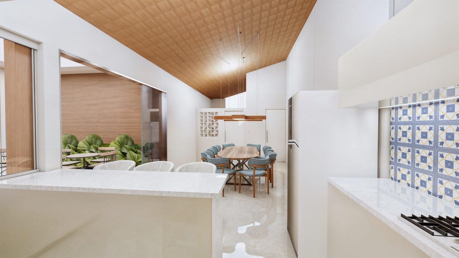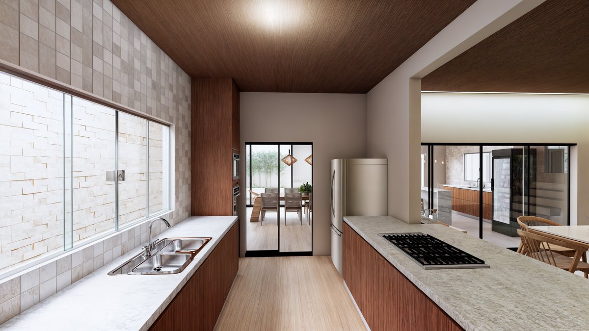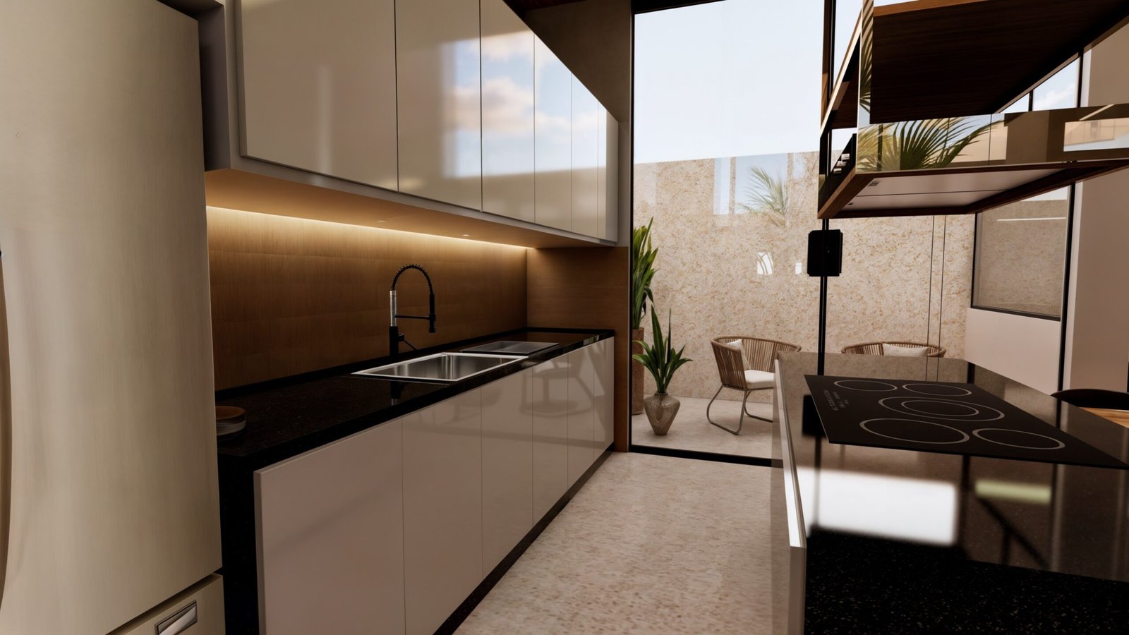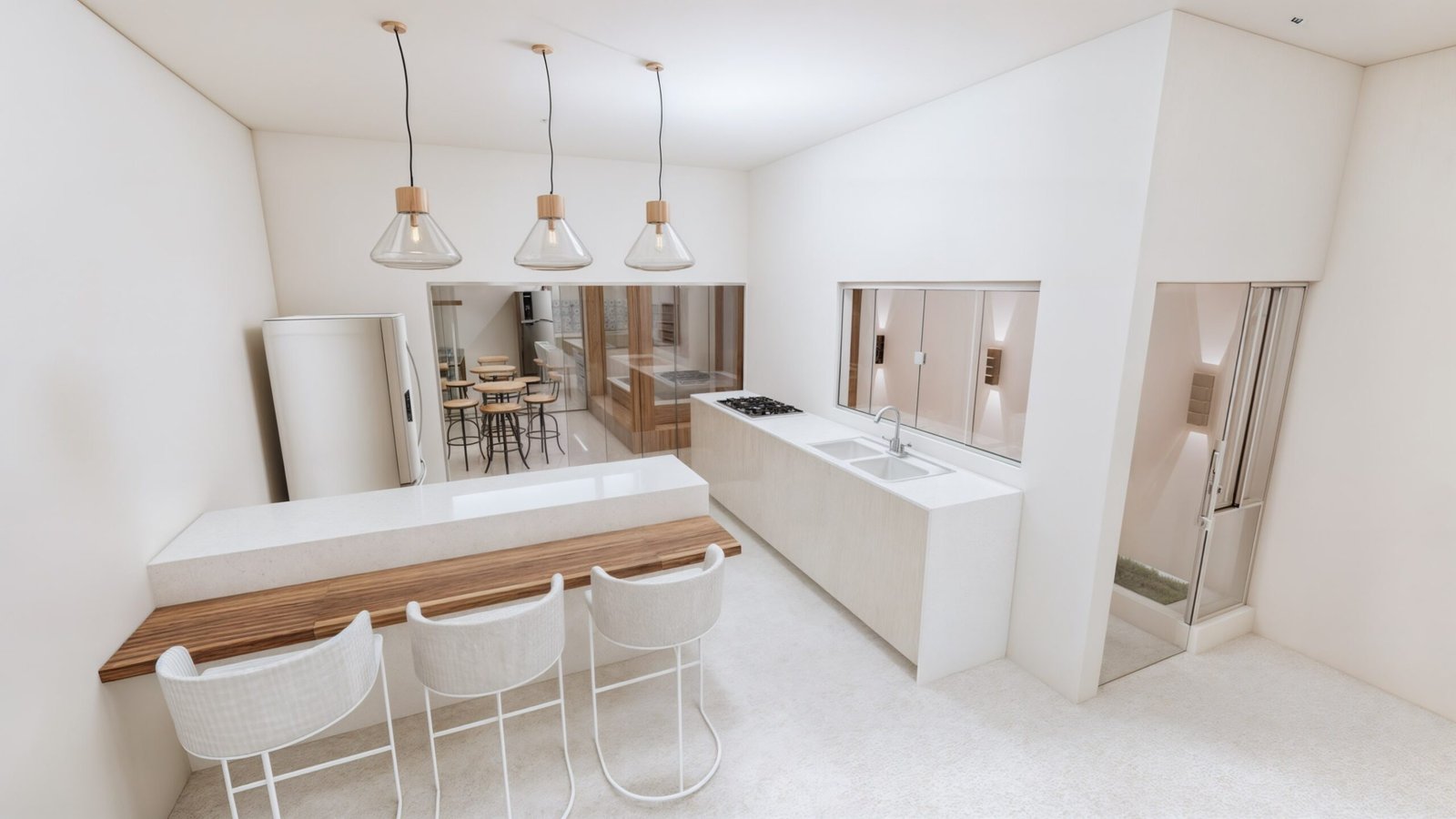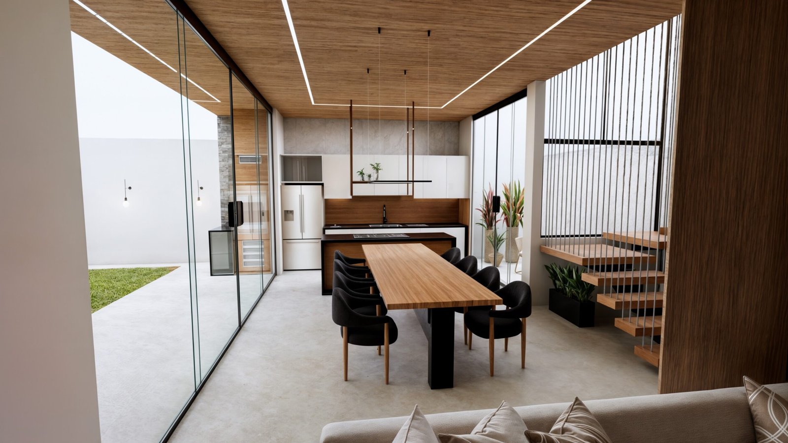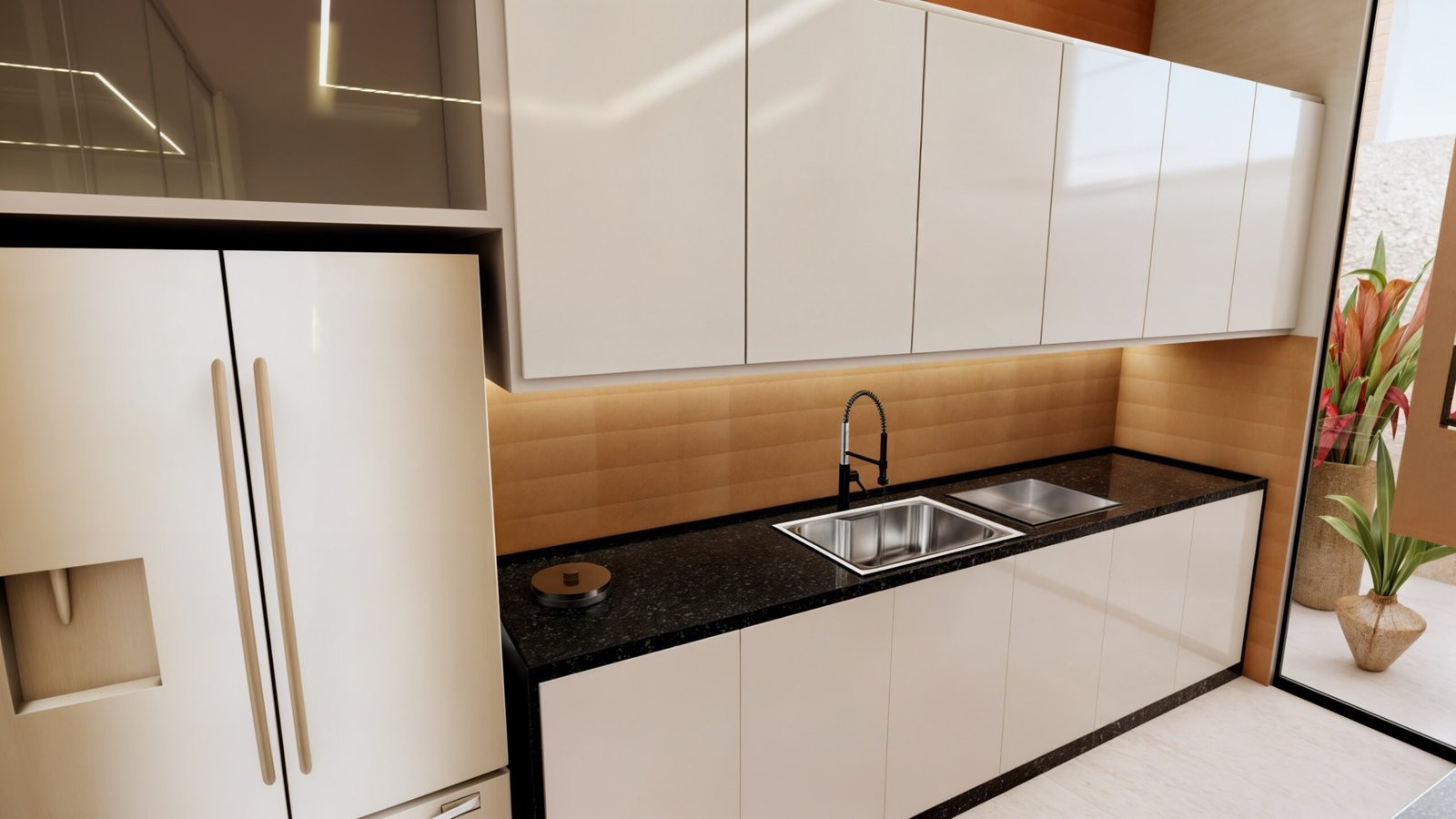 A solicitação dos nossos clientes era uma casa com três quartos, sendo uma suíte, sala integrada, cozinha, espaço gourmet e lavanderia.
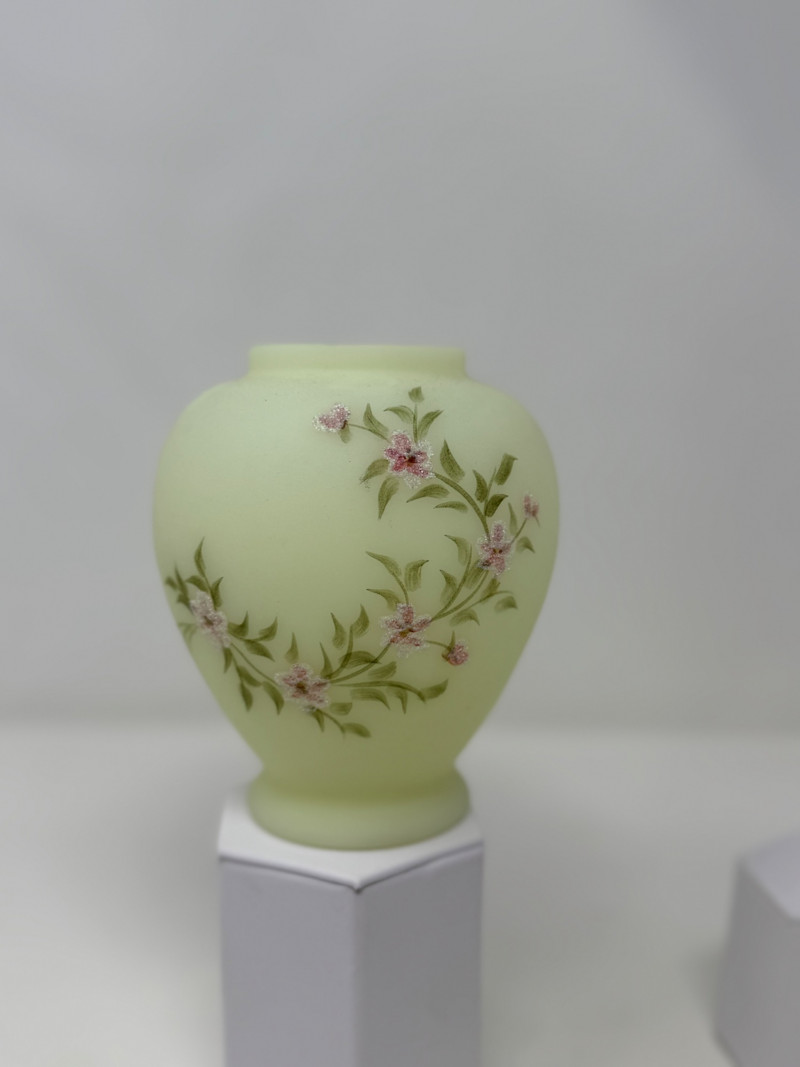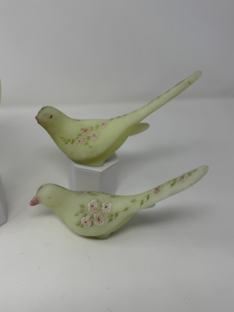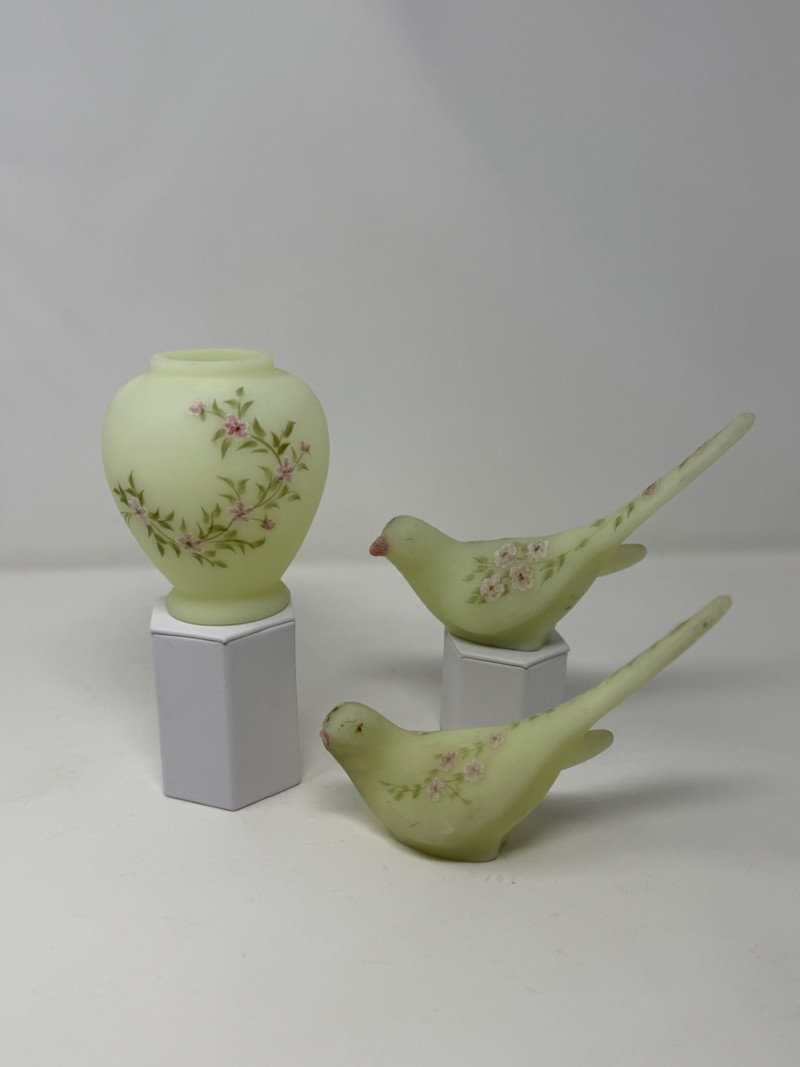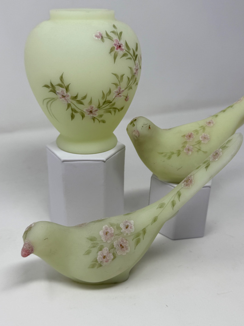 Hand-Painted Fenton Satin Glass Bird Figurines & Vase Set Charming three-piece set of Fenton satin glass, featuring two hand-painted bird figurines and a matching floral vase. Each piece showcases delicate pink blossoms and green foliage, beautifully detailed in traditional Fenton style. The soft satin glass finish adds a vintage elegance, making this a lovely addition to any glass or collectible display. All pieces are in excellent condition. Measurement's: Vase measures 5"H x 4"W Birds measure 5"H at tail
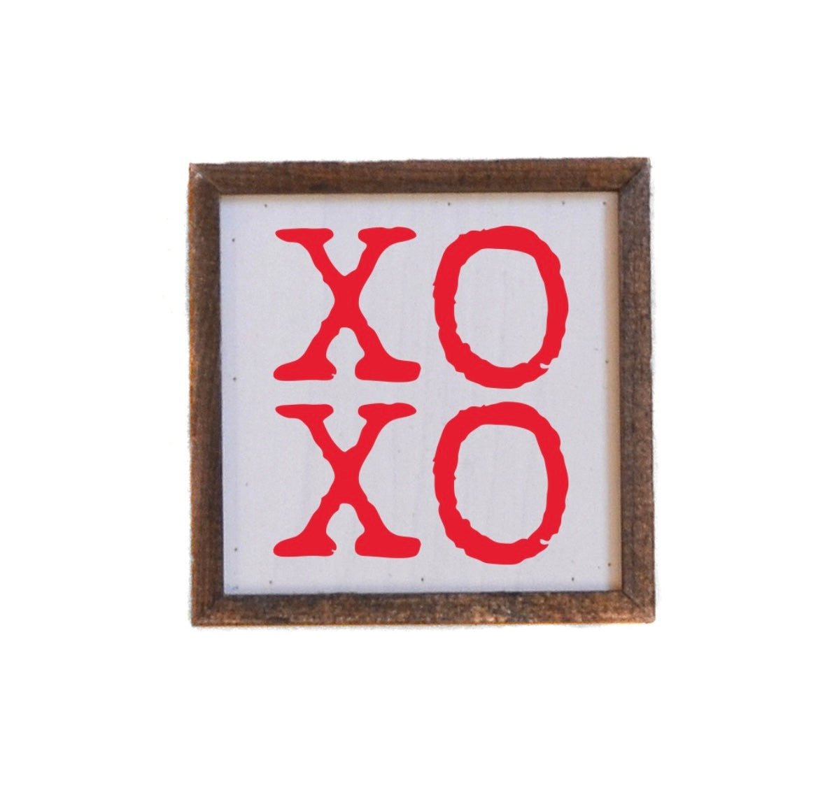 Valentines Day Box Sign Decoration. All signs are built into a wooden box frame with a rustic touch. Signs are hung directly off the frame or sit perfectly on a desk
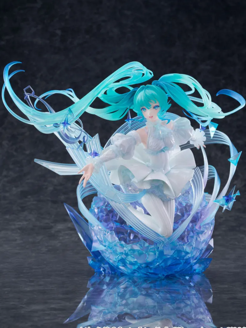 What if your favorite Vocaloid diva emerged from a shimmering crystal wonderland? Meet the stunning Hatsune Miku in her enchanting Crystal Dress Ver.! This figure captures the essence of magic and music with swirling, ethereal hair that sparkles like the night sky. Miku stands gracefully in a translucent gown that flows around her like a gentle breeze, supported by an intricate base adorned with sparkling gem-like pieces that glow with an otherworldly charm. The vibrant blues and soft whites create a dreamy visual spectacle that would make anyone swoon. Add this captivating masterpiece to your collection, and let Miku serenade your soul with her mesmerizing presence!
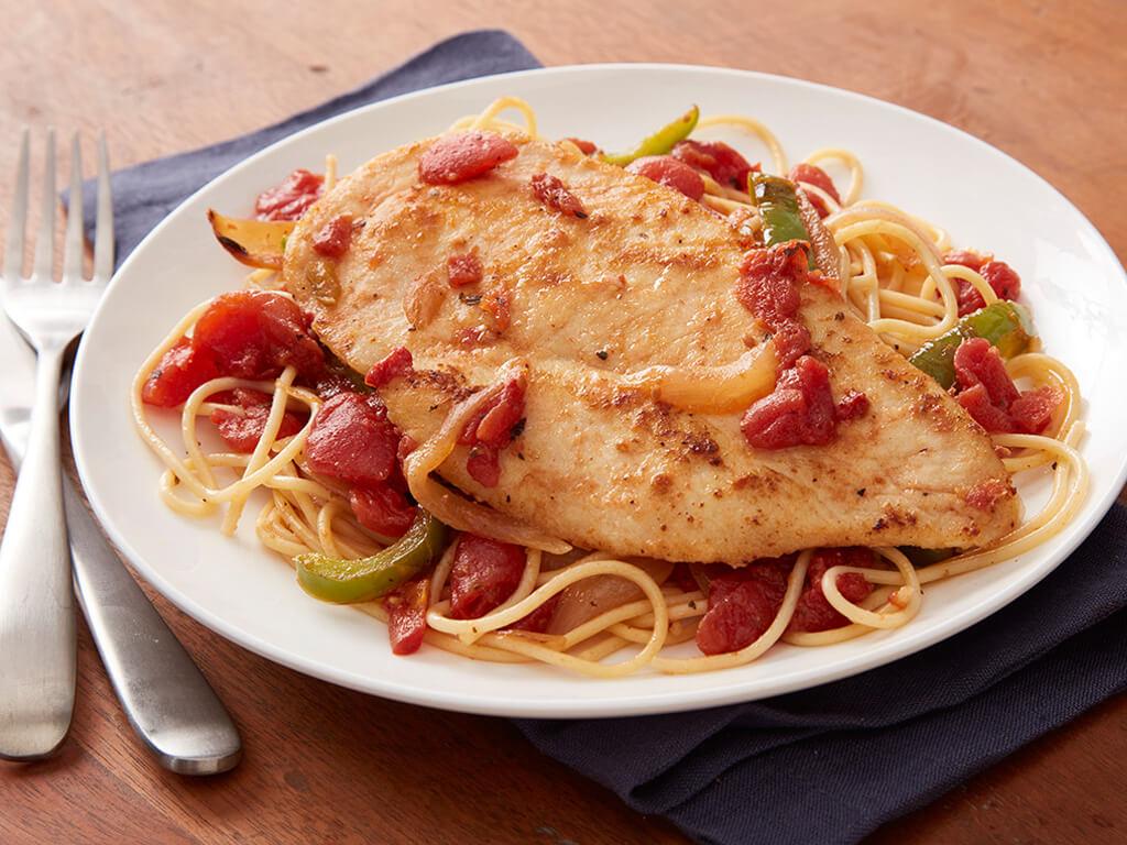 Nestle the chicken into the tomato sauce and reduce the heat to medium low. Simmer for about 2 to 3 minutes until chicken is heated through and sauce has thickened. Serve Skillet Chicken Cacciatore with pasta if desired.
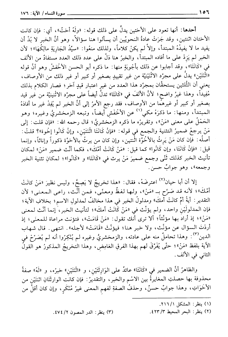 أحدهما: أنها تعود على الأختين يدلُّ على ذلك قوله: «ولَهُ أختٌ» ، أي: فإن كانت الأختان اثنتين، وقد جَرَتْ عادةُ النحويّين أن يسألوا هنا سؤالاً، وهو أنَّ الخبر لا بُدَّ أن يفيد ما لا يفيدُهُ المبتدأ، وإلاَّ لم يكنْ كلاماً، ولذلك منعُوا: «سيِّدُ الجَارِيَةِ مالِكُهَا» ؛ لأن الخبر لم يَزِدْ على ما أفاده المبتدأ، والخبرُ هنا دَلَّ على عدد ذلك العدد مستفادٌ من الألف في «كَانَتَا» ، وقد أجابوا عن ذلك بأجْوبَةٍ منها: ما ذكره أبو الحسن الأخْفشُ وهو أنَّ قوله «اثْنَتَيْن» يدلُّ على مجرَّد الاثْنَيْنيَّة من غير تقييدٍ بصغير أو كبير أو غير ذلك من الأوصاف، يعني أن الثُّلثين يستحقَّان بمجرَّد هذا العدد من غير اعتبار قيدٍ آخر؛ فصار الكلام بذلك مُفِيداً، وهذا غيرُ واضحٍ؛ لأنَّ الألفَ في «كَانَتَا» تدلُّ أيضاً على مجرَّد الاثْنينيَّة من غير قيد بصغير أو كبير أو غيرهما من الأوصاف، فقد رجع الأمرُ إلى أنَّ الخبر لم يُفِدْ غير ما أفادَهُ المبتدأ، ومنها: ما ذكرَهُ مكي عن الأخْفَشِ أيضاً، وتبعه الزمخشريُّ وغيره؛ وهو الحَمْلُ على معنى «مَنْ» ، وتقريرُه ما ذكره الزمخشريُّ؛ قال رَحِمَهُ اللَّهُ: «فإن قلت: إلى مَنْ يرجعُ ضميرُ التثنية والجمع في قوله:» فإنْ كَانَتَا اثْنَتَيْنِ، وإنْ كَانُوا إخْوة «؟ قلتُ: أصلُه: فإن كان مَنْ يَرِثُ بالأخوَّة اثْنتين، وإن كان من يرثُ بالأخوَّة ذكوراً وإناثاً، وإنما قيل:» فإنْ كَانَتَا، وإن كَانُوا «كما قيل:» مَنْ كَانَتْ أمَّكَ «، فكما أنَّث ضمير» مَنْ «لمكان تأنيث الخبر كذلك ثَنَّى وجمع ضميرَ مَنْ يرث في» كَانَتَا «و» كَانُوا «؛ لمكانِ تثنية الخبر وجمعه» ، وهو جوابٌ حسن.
*-*-*
*Problem details*
The response must match the data line for line, from its first line through the line with "Nestle the chicken", inclusive, and must leave out the pictures.

*Finished exercise*
 A solicitação dos nossos clientes era uma casa com três quartos, sendo uma suíte, sala integrada, cozinha, espaço gourmet e lavanderia.
 Hand-Painted Fenton Satin Glass Bird Figurines & Vase Set Charming three-piece set of Fenton satin glass, featuring two hand-painted bird figurines and a matching floral vase. Each piece showcases delicate pink blossoms and green foliage, beautifully detailed in traditional Fenton style. The soft satin glass finish adds a vintage elegance, making this a lovely addition to any glass or collectible display. All pieces are in excellent condition. Measurement's: Vase measures 5"H x 4"W Birds measure 5"H at tail
 Valentines Day Box Sign Decoration. All signs are built into a wooden box frame with a rustic touch. Signs are hung directly off the frame or sit perfectly on a desk
 What if your favorite Vocaloid diva emerged from a shimmering crystal wonderland? Meet the stunning Hatsune Miku in her enchanting Crystal Dress Ver.! This figure captures the essence of magic and music with swirling, ethereal hair that sparkles like the night sky. Miku stands gracefully in a translucent gown that flows around her like a gentle breeze, supported by an intricate base adorned with sparkling gem-like pieces that glow with an otherworldly charm. The vibrant blues and soft whites create a dreamy visual spectacle that would make anyone swoon. Add this captivating masterpiece to your collection, and let Miku serenade your soul with her mesmerizing presence!
 Nestle the chicken into the tomato sauce and reduce the heat to medium low. Simmer for about 2 to 3 minutes until chicken is heated through and sauce has thickened. Serve Skillet Chicken Cacciatore with pasta if desired.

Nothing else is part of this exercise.